Wall Street isn't focused on Honeywell's 2020 or 2021 results, but rather on the anticipated rebound in the commercial aerospace sector and the growth potential of the Industrial Internet of Things (IIoT). In the past, industrial companies scaled through efficiency improvements and globalization. While this is still true, Honeywell sees a bright future in connecting industrial assets and making them run better using technology.

This is what IIoT is all about, and Honeywell believes it will have a $100 billion total addressable market in this space. The scope extends to all of its business segments, but its safety and productivity solutions unit is garnering most of the attention right now. That was the only segment that grew in 2020, largely thanks to increased demand for pandemic-related safety products and an uptick in warehouse automation. 

Warehouse workers managing inventory.

Image source: Getty Images.

As e-commerce grows, so does the need for warehouse safety and automation products such as those Honeywell offers. Companies whose distribution centers can keep their supply chains organized, correctly fill orders, and deliver packages faster gain an edge over their competition. 
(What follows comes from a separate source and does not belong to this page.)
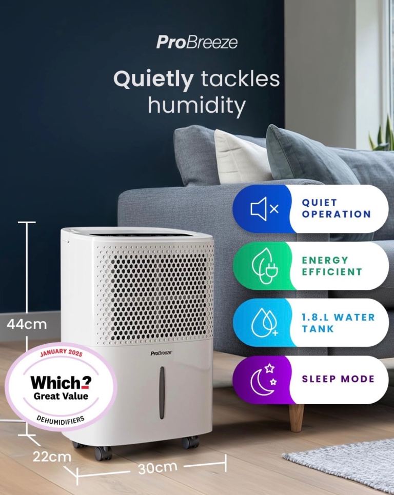 Pro Breeze® 12L/Day Dehumidifier with Automatic Humidity Sensor & Display, Sleep Mode, 24-hour Timer, Laundry Drying, Large Tank - WHICH? BEST BUY DEHUMIDIFIER AWARD

Honeywell's Momentum warehouse execution system is a software solution that helps distribution centers function more efficiently. It uses machine learning algorithms and optimization techniques to generate what the company calls "decision intelligence" -- essentially, insights that can make distribution centers safer and more efficient.

Unlike Shopify or FedEx, Honeywell is a diversified industrial conglomerate with a host of business segments, which makes it a safer but less direct way to invest in the e-commerce trend. And at current share prices, Honeywell offers a dividend yield of 1.7%.